For converting uint8_t[8] to uint64_t there is a great solution - just do this:
void to(const std::uint8_t* bytes, std::uint64_t &x) {
x = (std::uint64_t(bytes[0]) << 8*0) |
(std::uint64_t(bytes[1]) << 8*1) |
(std::uint64_t(bytes[2]) << 8*2) |
(std::uint64_t(bytes[3]) << 8*3) |
(std::uint64_t(bytes[4]) << 8*4) |
(std::uint64_t(bytes[5]) << 8*5) |
(std::uint64_t(bytes[6]) << 8*6) |
(std::uint64_t(bytes[7]) << 8*7);
}
This looks inefficient but actually with Clang -O2 it generates exactly the same assembly as before, and if you compile on a big endian machine it will be smart enough to use a native byte swap instruction. E.g. this code:
void to(const std::uint8_t* bytes, std::uint64_t &x) {
x = (std::uint64_t(bytes[7]) << 8*0) |
(std::uint64_t(bytes[6]) << 8*1) |
(std::uint64_t(bytes[5]) << 8*2) |
(std::uint64_t(bytes[4]) << 8*3) |
(std::uint64_t(bytes[3]) << 8*4) |
(std::uint64_t(bytes[2]) << 8*5) |
(std::uint64_t(bytes[1]) << 8*6) |
(std::uint64_t(bytes[0]) << 8*7);
}
Compiles to:
mov rax, qword ptr [rdi]
bswap rax
mov qword ptr [rsi], rax
ret
My question is: is there an equivalent reliably-optimised construct for converting in the opposite direction? I've tried this, but it gets compiled naively:
void from(const std::uint64_t &x, uint8_t* bytes) {
bytes[0] = x >> 8*0;
bytes[1] = x >> 8*1;
bytes[2] = x >> 8*2;
bytes[3] = x >> 8*3;
bytes[4] = x >> 8*4;
bytes[5] = x >> 8*5;
bytes[6] = x >> 8*6;
bytes[7] = x >> 8*7;
}
Edit: After some experimentation, this code does get compiled optimally with GCC 8.1 and later as long as you use uint8_t* __restrict__ bytes. However I still haven't managed to find a form that Clang will optimise.

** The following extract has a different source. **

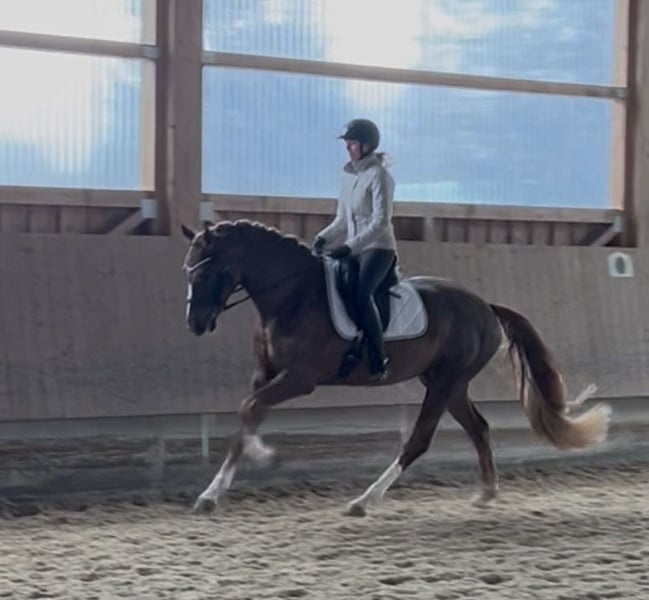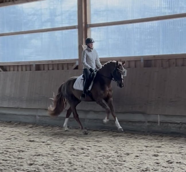 Zum Verkauf steht ein vierjähriger Dunkelfuchs aus westfälischer Zucht, abstammend von Bacardi’s Best x Fürst Romancier. Er ist ca 1,72 groß Mokka verfügt über drei sehr gute Grundgangarten, besonders hervorzuheben ist sein schwungvoller, taktsicherer Trab mit viel Elastizität. Er wurde im letzten Jahr schonend angeritten und anschließend bereits in zwei Reitpferdeprüfungen mit guten WN vorgestellt. Nach einem bewusst ruhigeren Winterprogramm wird er aktuell wieder altersgerecht und kontinuierlich gearbeitet. Charakterlich ist er absolut überragend: • sehr brav beim Reiten und im täglichen Umgang • äußerst menschenbezogen, liebt Kuscheleinheiten • auf Turnier extrem gelassen und unkompliziert • verlade- und schmiedefromm • komplett schrecklos, auch bei Traktoren, landwirtschaftlichen Maschinen und sonstigen Umweltreizen Im Sommer war er regelmäßig ausreiten und spazieren, was er stets entspannt und souverän gemeistert hat. Röntgenbilder liegen ohne Befund vor. Ein toller junger Dressurnachwuchs mit bestem Charakter, ideal für Sport und ambitionierte Reiter, die ein ehrliches, nervenstarkes Pferd suchen. Platz vor Preis Für das Probereiten wird eine Pauschale von 30 € erhoben, da wir keinen Reittourismus unterstützen.

Here's what I could test based on the discussion in OP's comments:
void from_optimized(const std::uint64_t &x, std::uint8_t* bytes) {
std::uint64_t big;
std::uint8_t* temp = (std::uint8_t*)&big;
temp[0] = x >> 8*0;
temp[1] = x >> 8*1;
temp[2] = x >> 8*2;
temp[3] = x >> 8*3;
temp[4] = x >> 8*4;
temp[5] = x >> 8*5;
temp[6] = x >> 8*6;
temp[7] = x >> 8*7;
std::uint64_t* dest = (std::uint64_t*)bytes;
*dest = big;
}
Looks like this will make things clearer for the compiler and let it assume the necessary parameters to optimize it (both on GCC and Clang with -O2).

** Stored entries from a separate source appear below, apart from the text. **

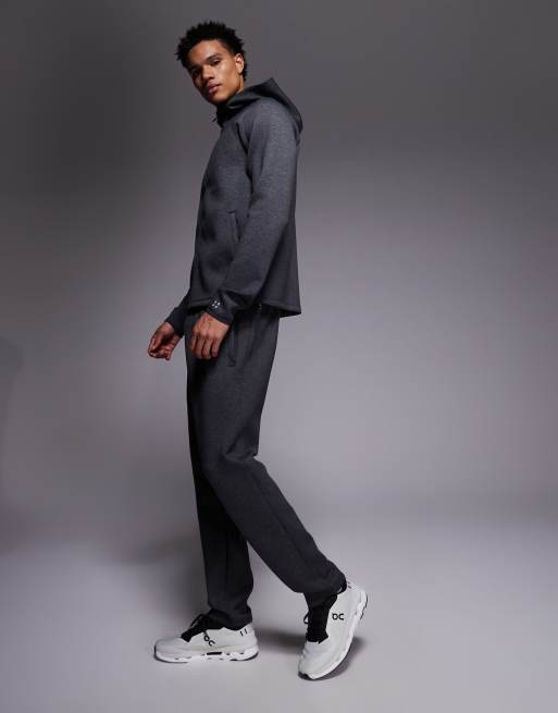 4505 – Schmal zulaufende Jogginghose aus Material in Neoprenoptik in meliertem Anthrazit mit Reißverschlusstaschen
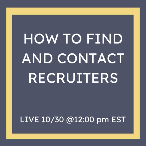 Join me on Thursday, 10/30 @ 12:00 pm EST on Zoom to learn how to contact recruiters.
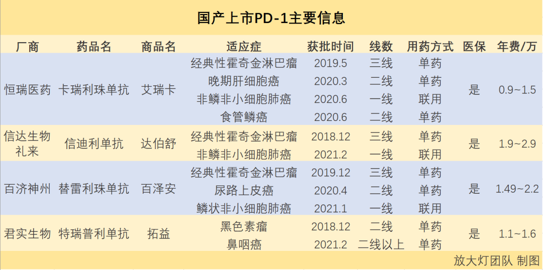 同时也架不住单价高,二者在国内治疗价格一年超过三十万,这个价格不是一般病人能负担起来的。如果要击破这种进口药凌驾的局面,国内的抗癌创新药不仅要跟上技术,还要从价格层面降维打击,2018年到2019年,两年之内上市了三家国产PD-1单抗。
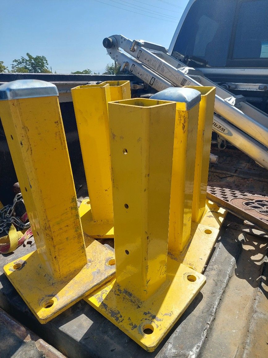 Steel bumper post or light pole base 4x4 1/4 welded to 10x10 1/2 4 hole plate 40$ each, easy to extend longer

Compiling to x86-64 (little endian) on Clang 8.0.0 (test on Godbolt):
mov rax, qword ptr [rdi]
mov qword ptr [rsi], rax
ret
Compiling to aarch64_be (big endian) on Clang 8.0.0 (test on Godbolt):
ldr x8, [x0]
rev x8, x8
str x8, [x1]
ret
What about returning a value?
Easy to reason about and small assembly:
#include <cstdint>
#include <array>
auto to_bytes(std::uint64_t x)
{
std::array<std::uint8_t, 8> b;
b[0] = x >> 8*0;
b[1] = x >> 8*1;
b[2] = x >> 8*2;
b[3] = x >> 8*3;
b[4] = x >> 8*4;
b[5] = x >> 8*5;
b[6] = x >> 8*6;
b[7] = x >> 8*7;
return b;
}
https://godbolt.org/z/FCroX5
and big endian:
#include <stdint.h>
struct mybytearray
{
uint8_t bytes[8];
};
auto to_bytes(uint64_t x)
{
mybytearray b;
b.bytes[0] = x >> 8*0;
b.bytes[1] = x >> 8*1;
b.bytes[2] = x >> 8*2;
b.bytes[3] = x >> 8*3;
b.bytes[4] = x >> 8*4;
b.bytes[5] = x >> 8*5;
b.bytes[6] = x >> 8*6;
b.bytes[7] = x >> 8*7;
return b;
}
https://godbolt.org/z/WARCqN
(std::array not available for -target aarch64_be? )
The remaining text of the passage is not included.